DIRECTIONS FOR THIS TASK: What you return must match the listing below line for line, minus its pictures.

INFORMATION SUPPLIED:

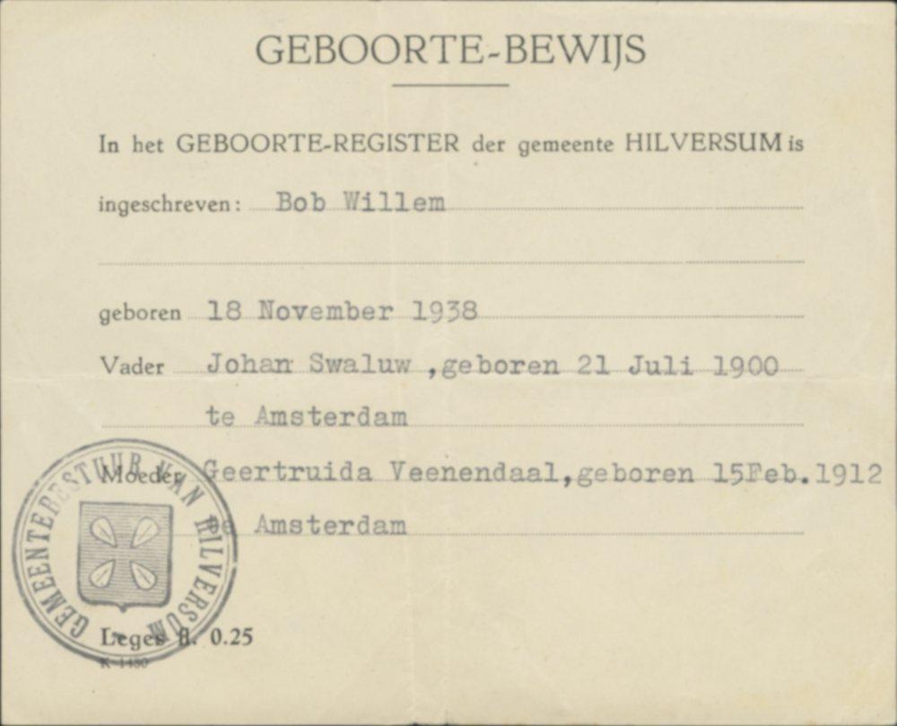 Vervalst geboortebewijs van Bob Willem Swaluw, zoon van Johan Swaluw en Geertruida Veenendaal, 1938
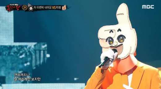 가왕 ‘5월의 에메랄드’에 도전하는 복면 가수 2라운드 솔로 대결에서 복면가수 '따봉'은 투투의 ' 대 눈물까지도 '를 선곡해 열창했다.
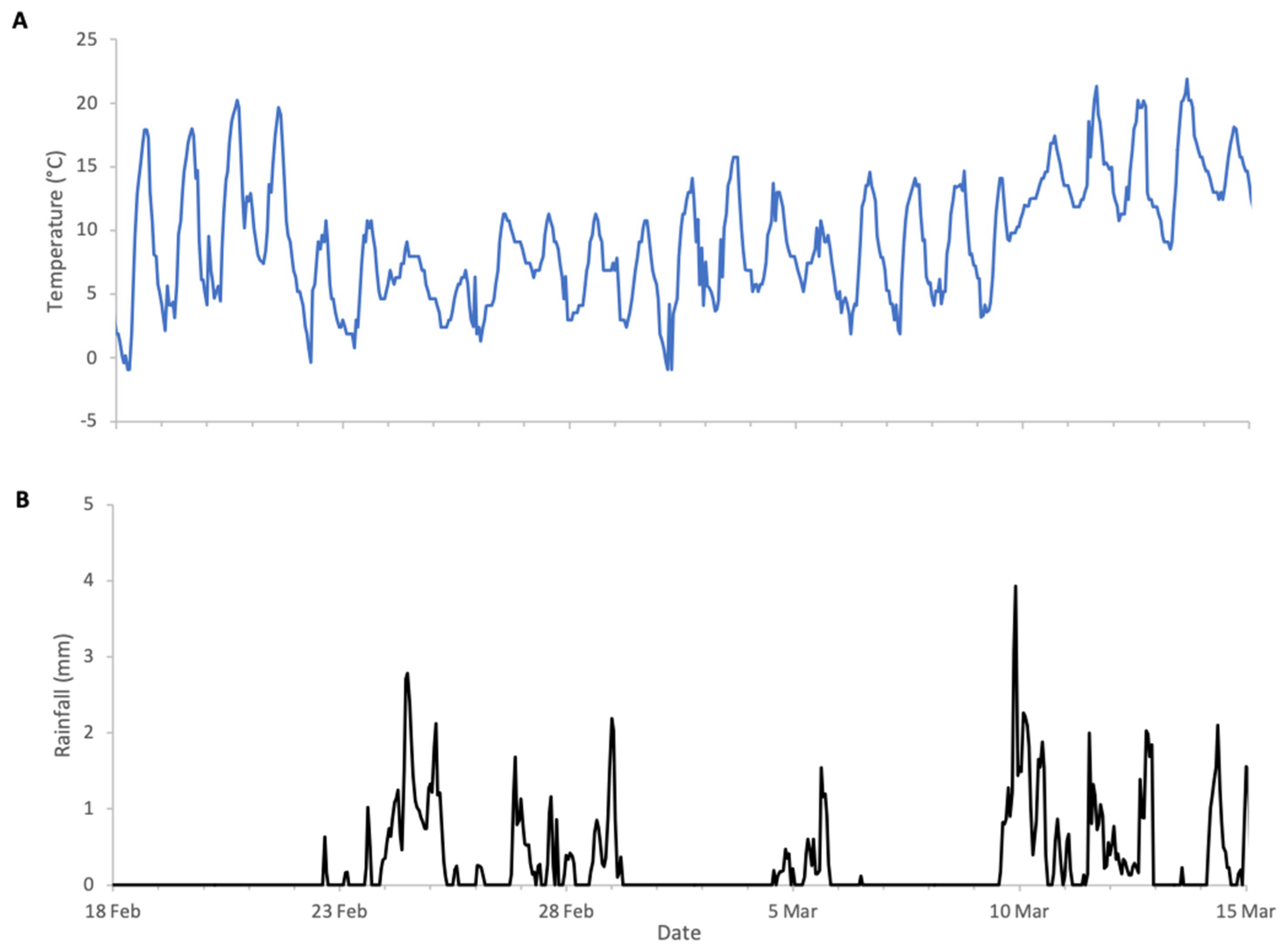 Figure 1) with low ambient temperatures and frequent, abundant precipitation particularly during peak bloom (18 to 27 February field visual observations) including snowfall on 24 of February. This event is clearly visible in

RESPONSE:
 Vervalst geboortebewijs van Bob Willem Swaluw, zoon van Johan Swaluw en Geertruida Veenendaal, 1938
 가왕 ‘5월의 에메랄드’에 도전하는 복면 가수 2라운드 솔로 대결에서 복면가수 '따봉'은 투투의 ' 대 눈물까지도 '를 선곡해 열창했다.
 Figure 1) with low ambient temperatures and frequent, abundant precipitation particularly during peak bloom (18 to 27 February field visual observations) including snowfall on 24 of February. This event is clearly visible in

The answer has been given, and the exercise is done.